# Rubik's 360 knockoff on ebay



## stiwi griffin (Jan 2, 2010)

in one of the adds of the form i just saw this:





for the colours i supose it's a knokoff, but still....

i can have it for 0.07€!!!, but i have a good one


----------



## DavidWoner (Jan 2, 2010)

+$6 shipping, and it doesn't actually function like a real 360.


----------



## Tim Major (Jan 2, 2010)

I don't see a buy it now symbol. There's a thing called "starting bid".


----------



## Hyprul 9-ty2 (Jan 2, 2010)

Looks like Weezing.


----------



## stiwi griffin (Jan 2, 2010)

ZB_FTW!!! said:


> I don't see a buy it now symbol. There's a thing called "starting bid".



yes, but...have you seen when does it ends???


----------



## cookingfat (Jan 2, 2010)

Don't bother, it looks awful.


----------



## LNZ (Jan 2, 2010)

I would assume that the Rubik's 360 is still under 15 years of patent protection. So that Rubik's 360 is probaly a KO. 
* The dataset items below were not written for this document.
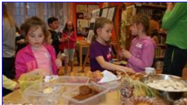
Foto č. 59, 60 – Noc s Andersenem, rok 2019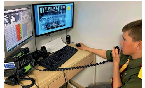
MŁODY OPERATOR Z WOLSZTYŃSKIEGO KLUBU SP3PWL. OBY WIĘCEJ TAKICH OBRAZKÓW, POKAZUJĄCYCH, ŻE PRZYBYWA NAM MŁODYCH ADEPTÓW KRÓTKOFALARSTWA

Należy zwrócić uwagę na fakt, iż z chwilą podniesienia wysokości składki członkowskiej zmalała liczba członków PZK. Wzrosła też liczba członków PZK, którzy przekroczyli 71 rok życia, co wiąże się z pomniejszoną składką członkowską tych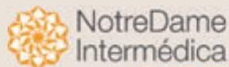
Tabela NotreDame Intermédica (Sem Copart.) - Empresarial - A partir de 2 vidas

Referência: Outubro/2017 - Taxa de Inscrição: Isenta PME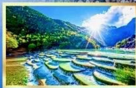
หุบเขาน้ำเงิน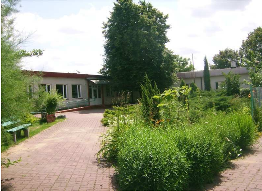
Szkoła Podstawowa w Ludzisku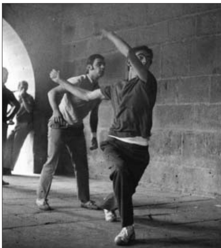
Cortar un evío al aire permite imprimir más fuerza y una mejor colocación de la pelota devuelta con apuros y sin violencia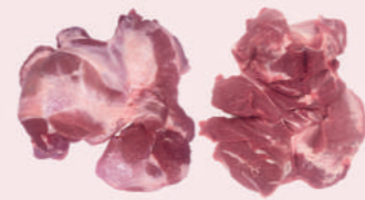
• PALETA 4D PLUS DE CERDO • PORK 4D PLUS SHOULDER • 4D猪前腿肉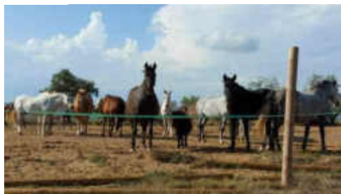
Els cavalls de Serra Morena a una altitud de 701m

Per acabar vàrem fer un dinar succulent de germanor a Igualada, al restaurant «Asador Mesón el Abuelo», amb un ambient de cordialitat i companyonia.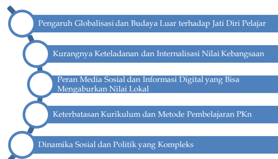
Gambar 1. Tantangan Pembentukan Identitas Nasional Pada Pendidikan Kewarganegaraan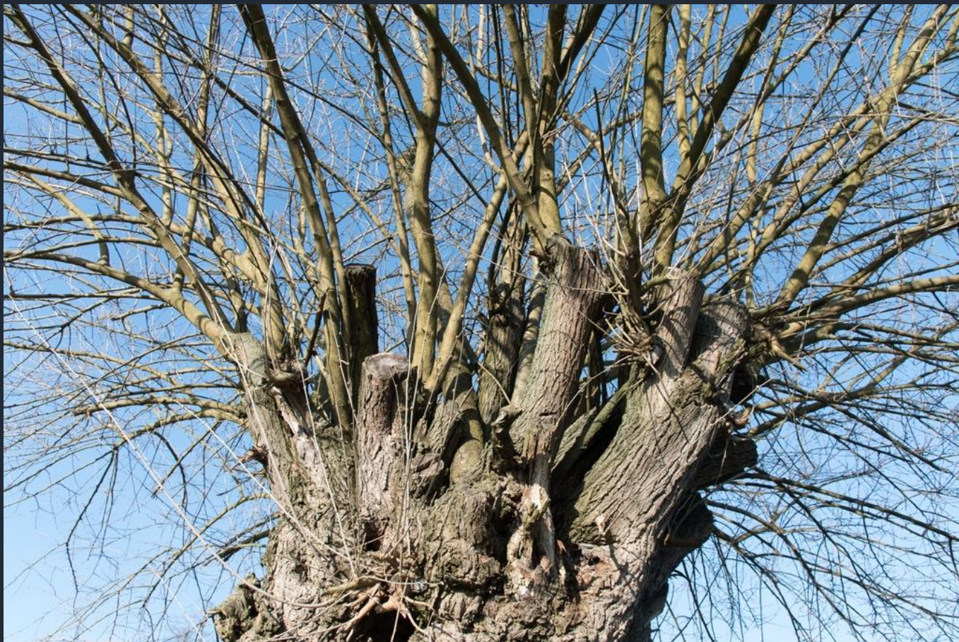
Veduta del famosissimo bialbero di Villafranca d'Asti, costituito da un gelso ( Morus alba ) al cui interno si è insediato un ciliegio ( Prunus avium )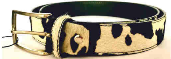
Réf : Vache - 35 mm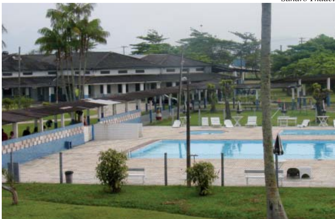
A Colônia de Férias de Caraguatatuba está à disposição da categoria para a realização de festas

Quem tiver interesse em se hospedar na nossa Colônia de Férias deve entrar em contato com a secretaria do Sintius pelo telefone 3226-3200, em horário comercial. Mais informações podem ser obtidas no site do Sintius ( www.sintius.org.br ).

You can buy a real Rubik's 360 at most department stores.


----------



## FatBoyXPC (Jan 2, 2010)

They're like $12-15 in the US at Toys R Us, Target, etc. That's what, €8-10? That's not too bad.


----------



## shelley (Jan 2, 2010)

Hyprul 9-ty2 said:


> Looks like Weezing.











Spoiler


----------



## Logan (Jan 2, 2010)

shelley said:


> Hyprul 9-ty2 said:
> 
> 
> > Looks like Weezing.
> ...



BEST. POST. EVAR!


----------



## iSpinz (Jan 2, 2010)

Logan said:


> shelley said:
> 
> 
> > Hyprul 9-ty2 said:
> ...



Genius.


----------



## James Ludlow (Jan 2, 2010)

Don't even bother with it. I got one thinking it was real, and could solve it in about 20secs. The real challenge was resetting it.

Do not waste your $0.07 on this. Its really not worth it.


----------



## stiwi griffin (Jan 2, 2010)

i'm not going to buy it because, as i said, i have an original one, i just posted this because it shocked me


----------



## IamWEB (Jan 3, 2010)

Why aren't you people gonna buying this? I have to add this to my collection! Gotta catch 'em all!


----------



## Ryanrex116 (Jan 3, 2010)

Once I accidently got a KO, and they can be seperated in half way too easily. It dropped, and everything fell out into an unfixable mess. Bottom line: GET THE REAL THING.


----------



## Stefan (Jan 3, 2010)

Ryanrex116 said:


> Bottom line: GET THE REAL THING.


Do you mean people should get a real one or do you mean people shouldn't get a fake one?


----------